Reading in : GSM2572161_LMTR1414T0.CEL
> help = rma(rawdata)
Background correcting
Normalizing
Calculating Expression

It is here that I'm not sure what to do with the expression set. I feel that it might be obvious but I genuinely could not find what to do. The documentation confused me more. The result I want is the same as what occurs with the affy package, a raw count matrix with gene id's per row and counts down columns.

example of affy conversion:
GSM397303.CEL   GSM397304.CEL   GSM397307.CEL   GSM397308.CEL   GSM397311.CEL   GSM397312.CEL
1007_s_at   149.9375298 129.9978191 122.7255732 140.9597272 111.5337299 118.2913423
1053_at 2382.145666 2514.313855 2543.690337 2176.61948  2664.961451 2276.169195
117_at  106.0720674 113.4188407 107.8063683 201.4040755 116.231378  145.2329151
121_at  444.0947983 467.1769612 378.3758104 380.3314096 422.2909195 355.5245813

But I cannot find out how to convert this data properly. Writing it to csv directly splits the data along the columns in chaotic manner and returns processed data. Is there a way to keep the raw counts from CEL and just have the package convert it to txt or csv?

Thanks!

oligoData DataImport oligo RNASeqData convert • 1.1k views

ADD COMMENT • link updated 16 months ago by James W. MacDonald 67k • written 16 months ago by rodj5201 • 0

score 2 · Accepted Answer · 2023-07-06

When you do

help = rma(rawdata)

Which by the way is a poor choice for a variable name, you are doing the same thing as you would have done with the affy package. You can get the data matrix using the exprs function, just as you would have done with the affy package.
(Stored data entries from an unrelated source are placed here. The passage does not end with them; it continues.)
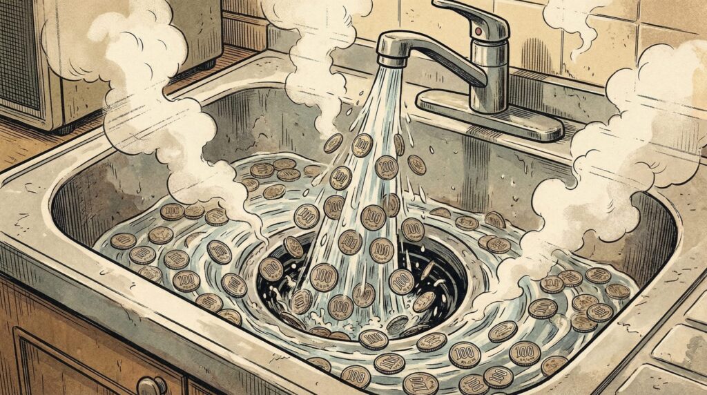 まさに、蛇口からお湯と一緒に「チャリンチャリン」と小銭が排水溝へ流れている状態です。
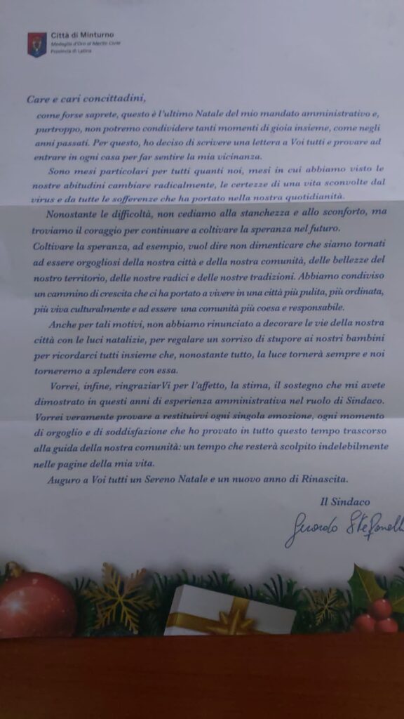 La dirigenza minturnese di Fratelli d’Italia ha fatto pervenire alla stampa una valutazione polemica e negativa sull’operato del primo cittadino in occasione delle festività natalizie che riportiamo testualmente: “La letterina di Natale del Sindaco Gerardo Stefanelli ha fatto letteralmente saltare dalla sedia gli esponenti minturnesi del partito di Giorgia Meloni, nello specifico i dirigenti Moccia e Smith contestano quello che doveva essere un messaggio di auguri per il Santo Natale e per l’anno nuovo, ma che invece a tutti gli effetti è un manifesto di inizio campagna elettorale. Frasi del tipo: “Coltivare la speranza, vuol dire non dimenticare che siamo tornati ad essere orgogliosi della nostra città e della nostra comunità” (come se l’orgoglio di vivere in un posto meraviglioso sia dovuto alla sua amministrazione), oppure “abbiamo condiviso un cammino di crescita che ci ha portato a vivere una città più pulita, più ordinata, più viva culturalmente e ad essere una comunità più coesa e responsabile” (come se prima non fossimo tutti responsabili e coesi), ed anche “non abbiamo rinunciato a decorare le vie della nostra città con le luci natalizie, per regalare un sorriso di stupore ai nostri bambini” (quasi come fosse una gentile concessione di un Babbo Natale con la fascia tricolore). Rappresentano senza ombra di dubbio uno spot elettorale delle poche cose fatte pertanto riassumibili facilmente in una letterina”.
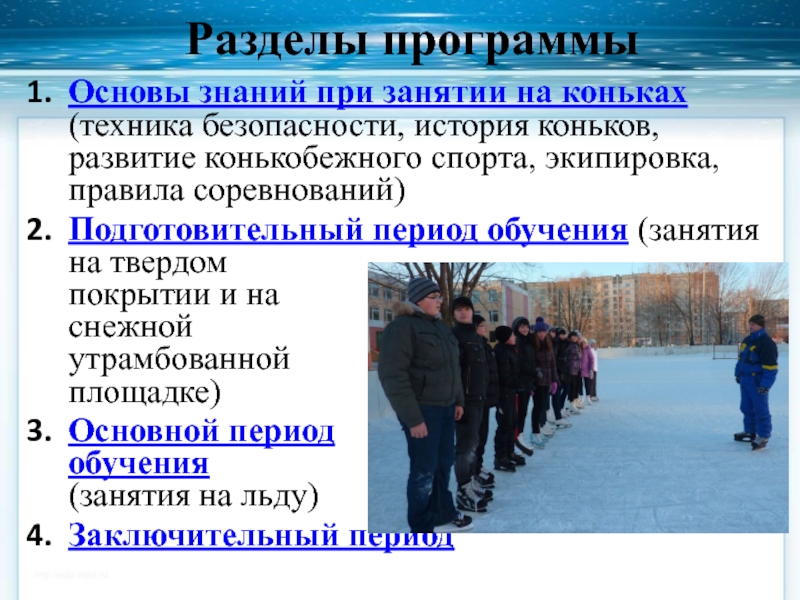 Основы знаний при занятии на коньках (техника безопасности, история коньков,
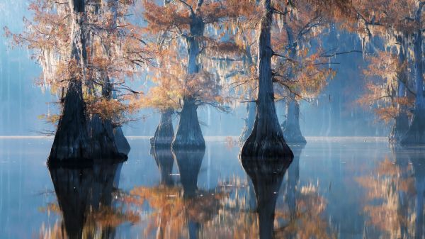 Fototapeta jezioro z drzewami. Między drzewami lekka mgła wisi nad wodą czyniąc to zdjęcie tajemniczym.
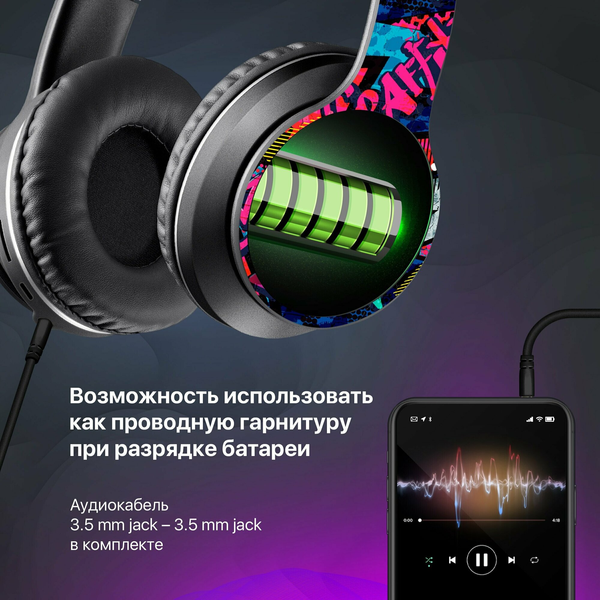 Наушники Defender FreeMotion B595 беспроводные, с микрофоном, Micro-USB, Bluetooth, граффити
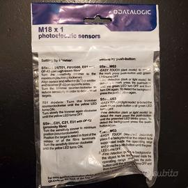 Il secondo è un sensore fotoelettrico tubolare Datalogic S5N‑MA‑5‑C01‑NK, filettatura M18 x 1, alimentazione 10–30 Vdc, uscita NPN NO, connettore M12 4 poli, portata circa 40 cm e grado di protezione IP67, completo di busta originale.
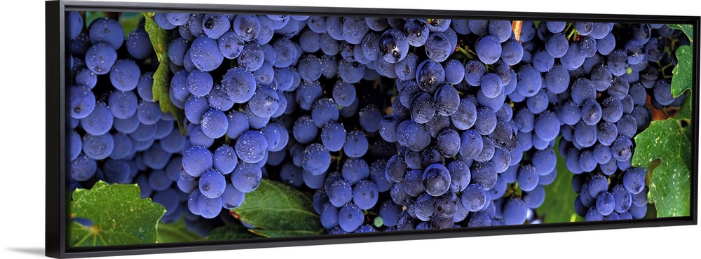 <p>Horizontal, close up photograph of several, plump bunches of grapes with water droplets, on the vine in Napa, California.</p>
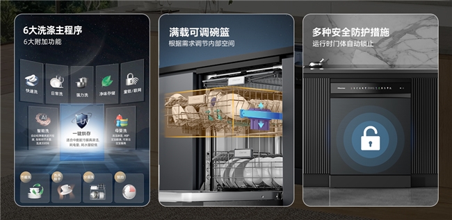 如今市面上那些布满按键、动辄十几种程序的电器,常常看得人眼花缭乱。而海信零菌洗碗机大薄荷系列C507iPro将最核心的“智能洗”功能放在了第一个最醒目的位置。只要轻轻按下,剩下的都交给洗碗机自动完成,这种“傻瓜式”操作,彻底卸下父母对复杂电器的心理包袱,用得安心又舒心。
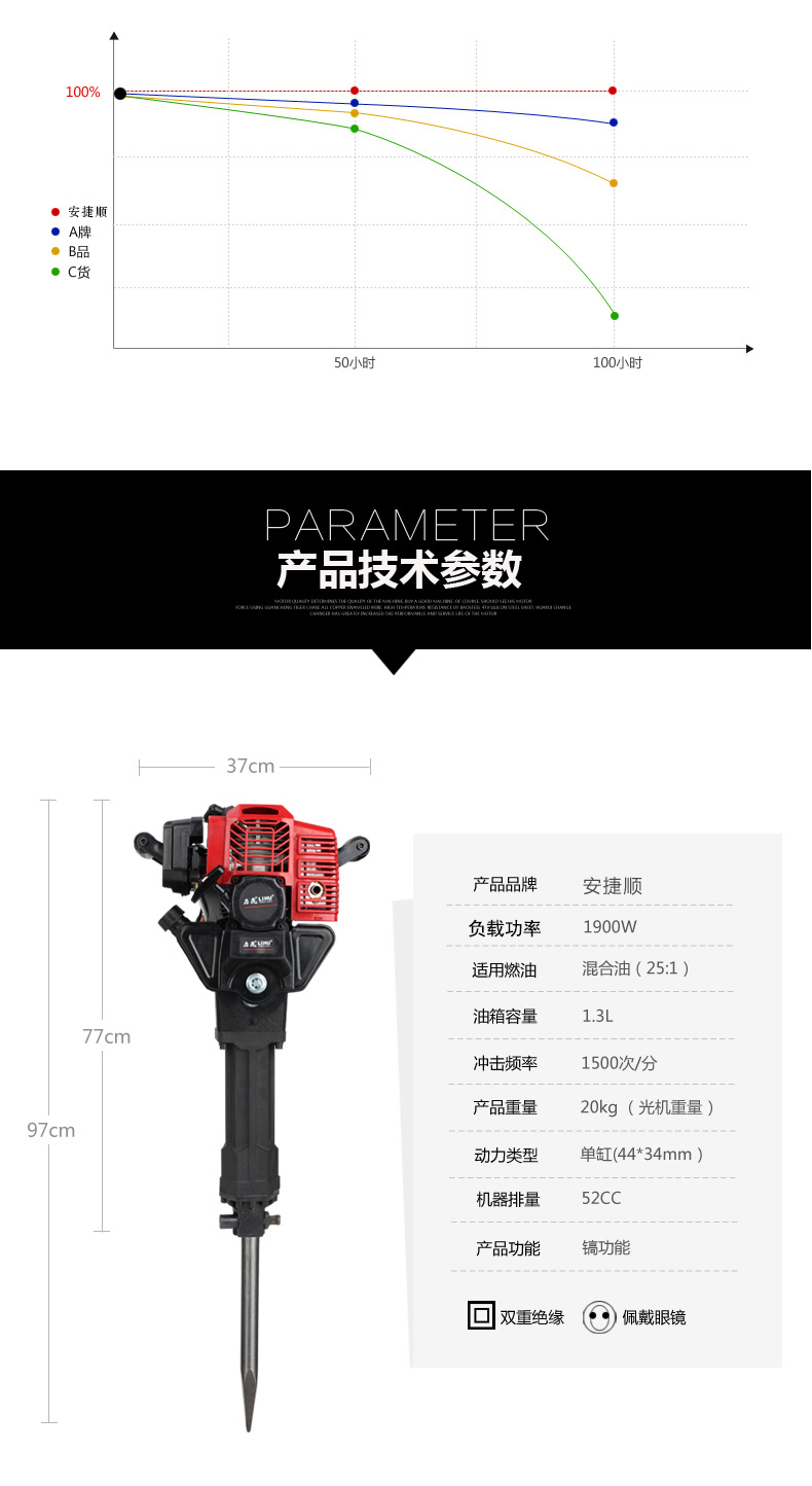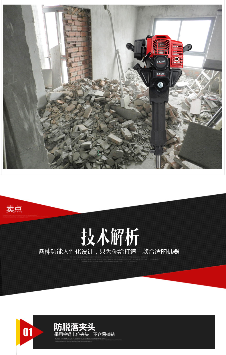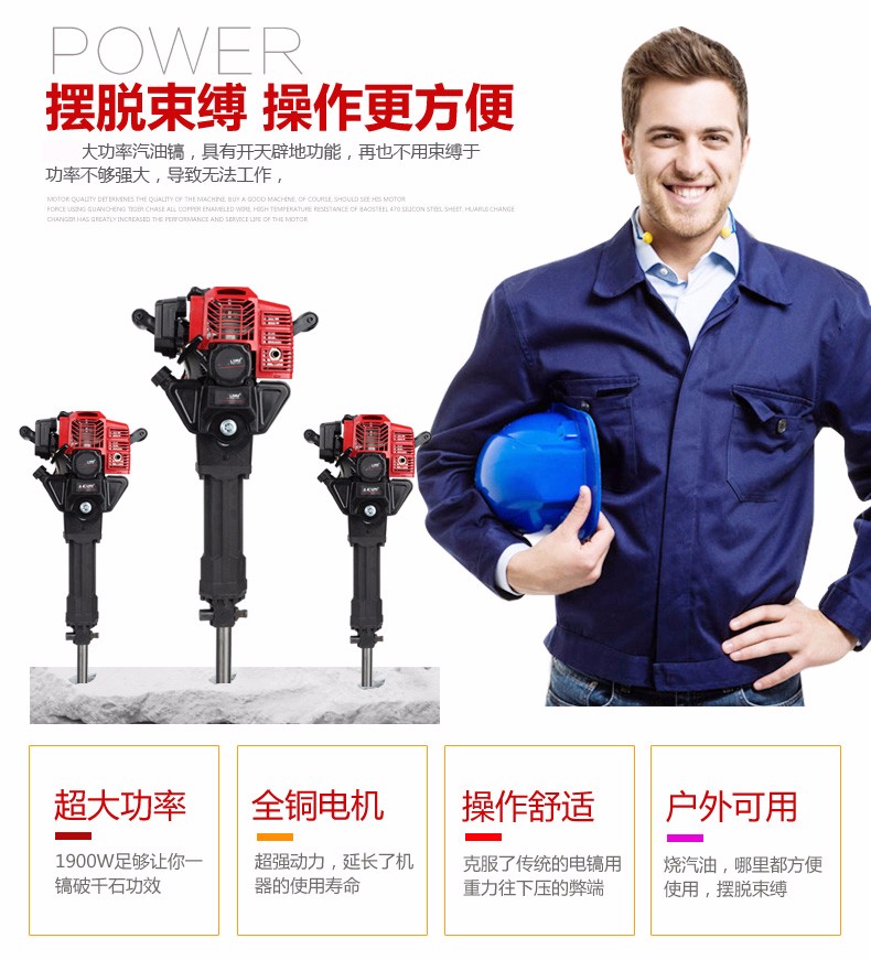 凿岩机工程汽油机破碎镐电镐电锤冲击钻汽油镐挖坑机手提式大功率

But do note that this matrix is not a 'raw count matrix'! This is not RNA-Seq, it's a microarray, and the rma function is background correcting, normalizing, and summarizing the raw data. What you have there are summarized data that you can then use to make comparisons.

There is also no profit in exporting these data, as the ExpressionFeatureSet you have created (your 'help' object) is ready for analysis using the limma package, which has its own very extensive vignette that you should peruse.